▶ **Exercise description**
Repeat the entries exactly but omit the pictures.

▶ **Data for analysis**
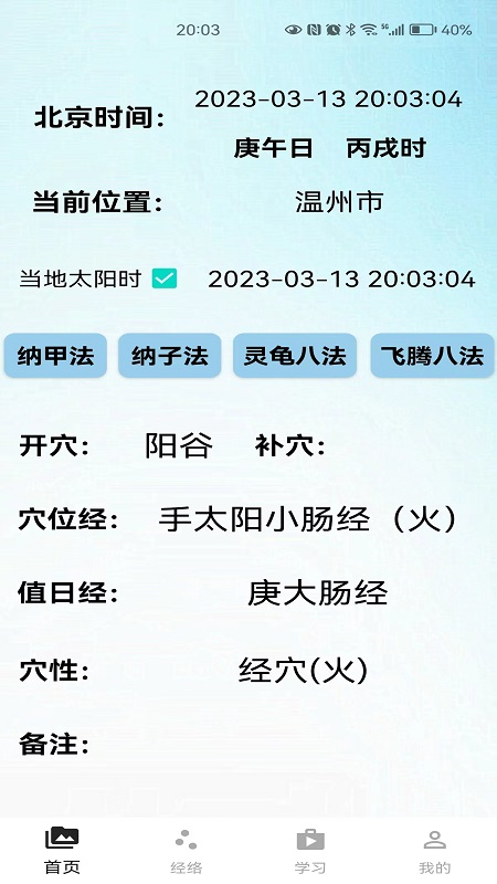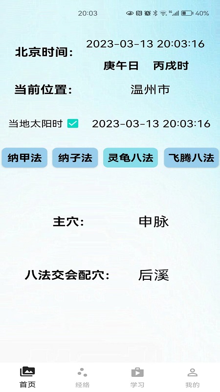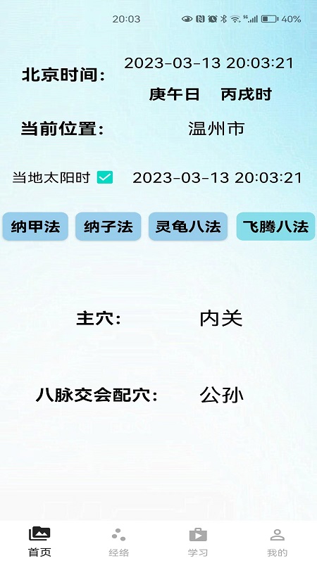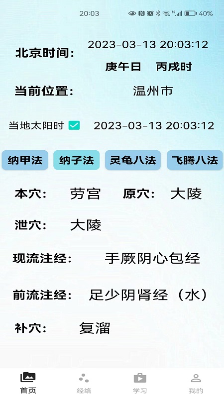 软件包含“首页”、“经络”、“学习”、“我的”四个版块。其中软件的首页也是最核心的部分。主要用来展示子午流注的相关内容,包括纳甲法、纳子法、灵龟八法和飞腾八法四项内容。
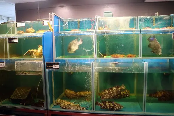 九鼎蒸霸不以藥水的方式來呈現海水,而是真的買進海水來提供這些海鮮環境
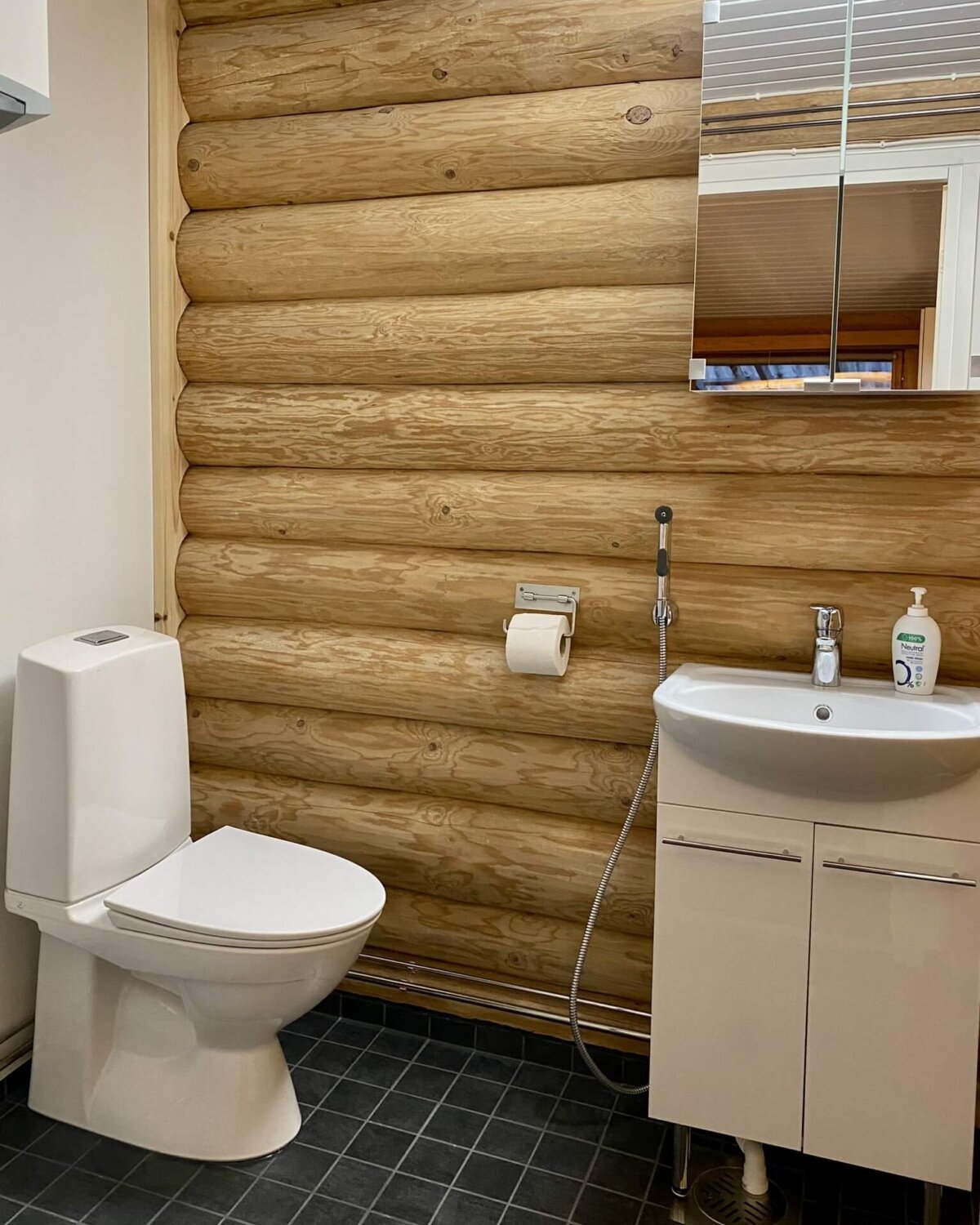 - Pesuhuone: suihkukaappi, lämminvesivaraaja ja tuhkaämpäri.
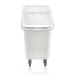 · Gıda temasına uygun PP poliproplen hammaddeden üretilmiştir. BPA içermez. · Beyaz renkte üretilip, kapağı şeffaftır. · 62 lt kapasiteye sahiptir. · içinde polikarbonat erzak küreğiyle birlikte gelir · Kullanım esnasında gıdada koku ve tat değişikliğine yol açmaz. · 2 adet sabit ve yönlendirmeyi sağlayan 2 adet hareketli tekerleğiyle rahat ve portatif bir kullanım sağlar. · Endüstriyel bulaşık makinelerinde yıkanabilir. · -40/+70 derece sıcaklıklara dayanıklıdır. · Geri dönüşümlüdür Kullanım Talimatları · TC Gıda Tarım ve Hayvancılık bakanlığı TR-34-K 186769 kayıt nolu gıda ile temas eden ürünler yönetmeliğine göre üretilmiştir. · Ağır temizlik kimyasalları ile temizlenmemesi önerilir.. · Endüstriyel bulaşık makinelerinde yıkanabilir. · -40/+70 derece sıcaklıklara dayanıklıdır. · Izgara ve ateş üstünde ürünün içinde yemek ısıtmayınız. · Ürünün yüzeyini çizebilecek bıçak ve diğer kesici ile temas ettirmeyiniz. · Elle yıkamalarda ürünü çizebilecek sert ovucular kullanmayınız. · Yumuşak sünger ve bulaşık deterjanları kullanınız. Gastroplast Erzak Arabası · Kod: GIB-03 · Ürün En / Çap: 350 mm · Ürün Boy: 724 mm · Ürün Yükseklik: 565 mm
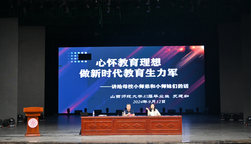 9月12日,yl7703永利集团官网在北区文化艺术活动中心举办“心怀教育理想,做时代教育生力军”建校66周年“爱校荣校”系列活动,特邀yl7703永利集团官网杰出员工史建如主讲,yl7703永利集团官网副经理樊琳琳主持,yl7703永利集团官网2024级全体新生参加。
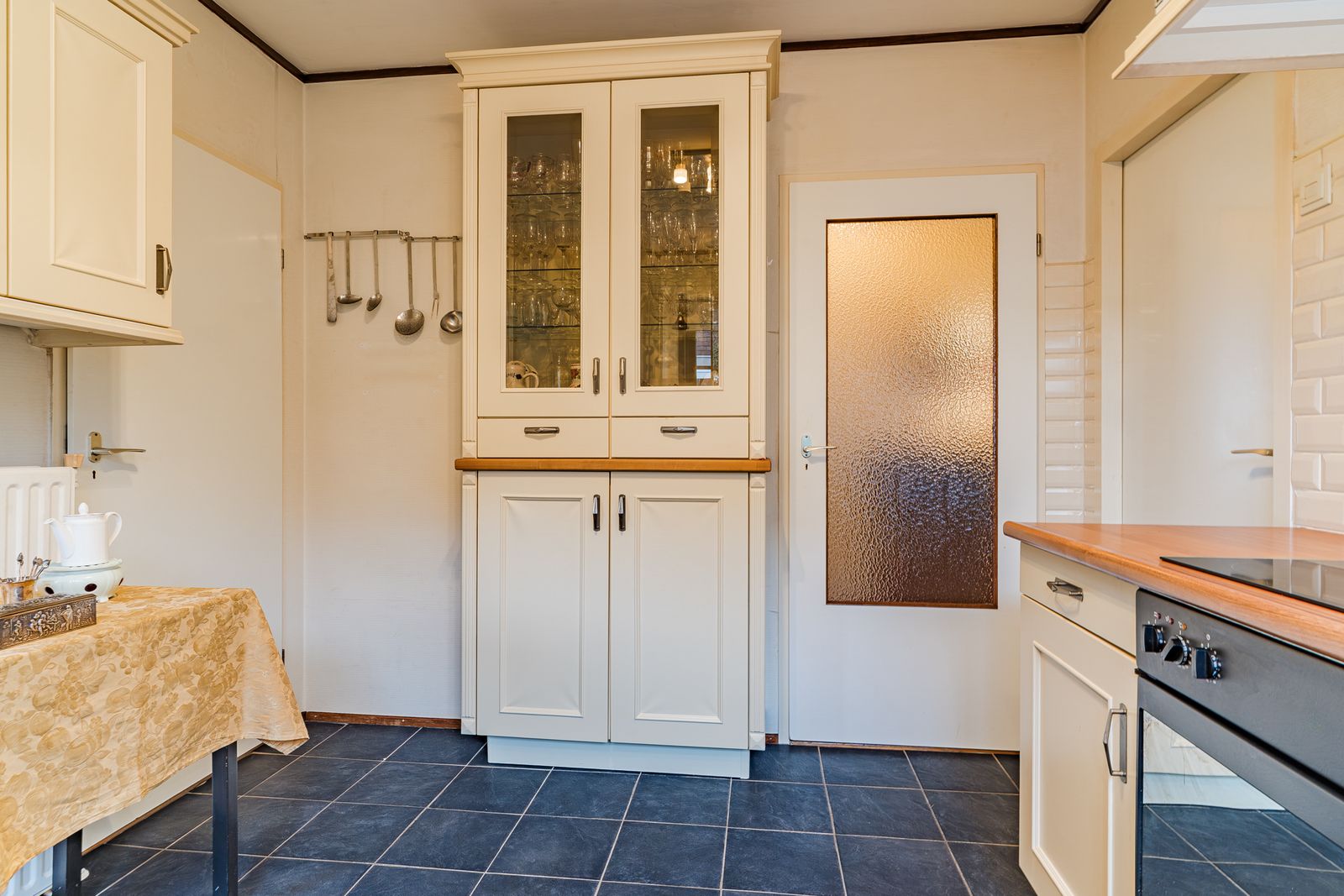 De dichte keuken is ruim opgezet en voorzien van veel kastruimte. De lichte fronten en het werkblad geven de ruimte een klassieke uitstraling. De keuken biedt plaats voor een ontbijthoek en beschikt over diverse inbouwapparatuur. Vanuit hier is er direct toegang tot de half verdiepte kelder en bijkeuken.
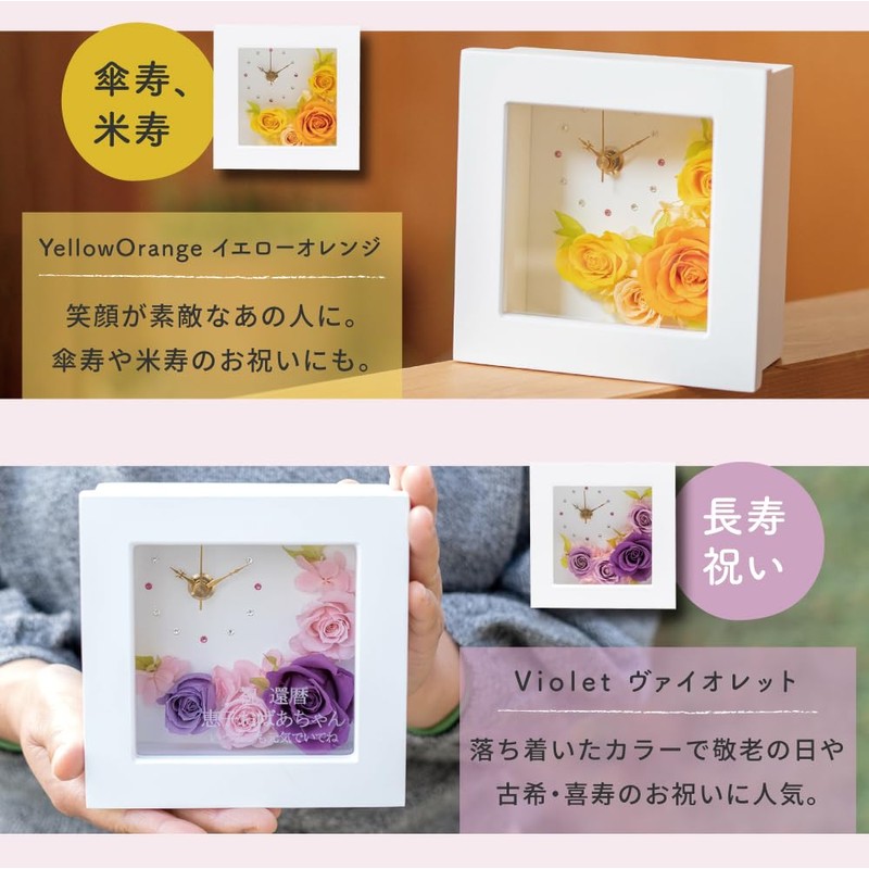 THE WOW Flower Clock SS Name Preserved Flower Watch Mother's Day Anniversary Gift Brown x Violet

▶ **Response to the task**
 软件包含“首页”、“经络”、“学习”、“我的”四个版块。其中软件的首页也是最核心的部分。主要用来展示子午流注的相关内容,包括纳甲法、纳子法、灵龟八法和飞腾八法四项内容。
 九鼎蒸霸不以藥水的方式來呈現海水,而是真的買進海水來提供這些海鮮環境
 - Pesuhuone: suihkukaappi, lämminvesivaraaja ja tuhkaämpäri.
 · Gıda temasına uygun PP poliproplen hammaddeden üretilmiştir. BPA içermez. · Beyaz renkte üretilip, kapağı şeffaftır. · 62 lt kapasiteye sahiptir. · içinde polikarbonat erzak küreğiyle birlikte gelir · Kullanım esnasında gıdada koku ve tat değişikliğine yol açmaz. · 2 adet sabit ve yönlendirmeyi sağlayan 2 adet hareketli tekerleğiyle rahat ve portatif bir kullanım sağlar. · Endüstriyel bulaşık makinelerinde yıkanabilir. · -40/+70 derece sıcaklıklara dayanıklıdır. · Geri dönüşümlüdür Kullanım Talimatları · TC Gıda Tarım ve Hayvancılık bakanlığı TR-34-K 186769 kayıt nolu gıda ile temas eden ürünler yönetmeliğine göre üretilmiştir. · Ağır temizlik kimyasalları ile temizlenmemesi önerilir.. · Endüstriyel bulaşık makinelerinde yıkanabilir. · -40/+70 derece sıcaklıklara dayanıklıdır. · Izgara ve ateş üstünde ürünün içinde yemek ısıtmayınız. · Ürünün yüzeyini çizebilecek bıçak ve diğer kesici ile temas ettirmeyiniz. · Elle yıkamalarda ürünü çizebilecek sert ovucular kullanmayınız. · Yumuşak sünger ve bulaşık deterjanları kullanınız. Gastroplast Erzak Arabası · Kod: GIB-03 · Ürün En / Çap: 350 mm · Ürün Boy: 724 mm · Ürün Yükseklik: 565 mm
 9月12日,yl7703永利集团官网在北区文化艺术活动中心举办“心怀教育理想,做时代教育生力军”建校66周年“爱校荣校”系列活动,特邀yl7703永利集团官网杰出员工史建如主讲,yl7703永利集团官网副经理樊琳琳主持,yl7703永利集团官网2024级全体新生参加。
 De dichte keuken is ruim opgezet en voorzien van veel kastruimte. De lichte fronten en het werkblad geven de ruimte een klassieke uitstraling. De keuken biedt plaats voor een ontbijthoek en beschikt over diverse inbouwapparatuur. Vanuit hier is er direct toegang tot de half verdiepte kelder en bijkeuken.
 THE WOW Flower Clock SS Name Preserved Flower Watch Mother's Day Anniversary Gift Brown x Violet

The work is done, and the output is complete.